I was raised in the Lutheran Church. The idea that God had allowed Himself to be embodied in the form of Jesus was omnipresent. He was not merely physical, though, He was human, and He had human experiences. Thus, He “could be approached as a broken body on a cross, as a baby nursing at his mother’s breast, or as a young man embracing a friend” (29). 



I never fully grasped what this could mean because Jesus is no longer a physical presence in this world. His body was, in fact, minimized. As Protestants, the image of the crucifix, the Jesus who is in the midst of his agony, was not what we were taught to prize. Rather, we should venerate the empty cross. A pastor once said in a sermon that “Jesus isn’t on the cross anymore. Why dwell on Jesus’s suffering? What matters is that he rose again!” We were taught to see him as his spiritual self – his God self – not his human self.

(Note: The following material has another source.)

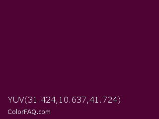 YUV 31.424,10.637,41.724 Color is a very dark magenta color and the nearest color is Blackberry #4d0135. Hex code #4f0335 and RGB value is rgb(79,3,53). In RGB color space, this color is composed of 31% red, 1% green, 21% blue, In CMYK color space, this color is composed of 0% cyan, 96% magenta, 33% yellow , 69% black , In HSL color space, this color has a hue angle of 321° , 93% saturation and 16% lightness.

In my current pagan practice, my understanding of the deities is far different. They are not completely physical. I can feel their presence in the way you might feel someone’s eyes on you, or in a shift in the room, but I don’t expect to be able to literally feel them, to touch their skin and hair or whatever it is a deity might have. That doesn’t necessarily mean that they would be unable to touch me. 


In a sort of waking dream, a tall, pale-blond man with dark eyes stood over me in bed. He reached out his hand – only one, the other stayed hidden behind his back – and set it on my chest. Then, he began to tap. First slowly, then faster, until he mimicked my heartbeat. His hand was cold and light, almost like the skin of a lizard. I was not afraid of him, but I was not filled with any sense of joy either. I had no sensation of waking up, only of suddenly being aware that I was, and that the strange man had gone.


This experience is among the more confusing to me. Seeing or hearing a spirit or deity is easy to brush off, to pretend it was just a trick of the mind. Being touched is hard to imagine. Something caused me to feel a pressure against my chest. Something caused me to feel that rhythmic tapping.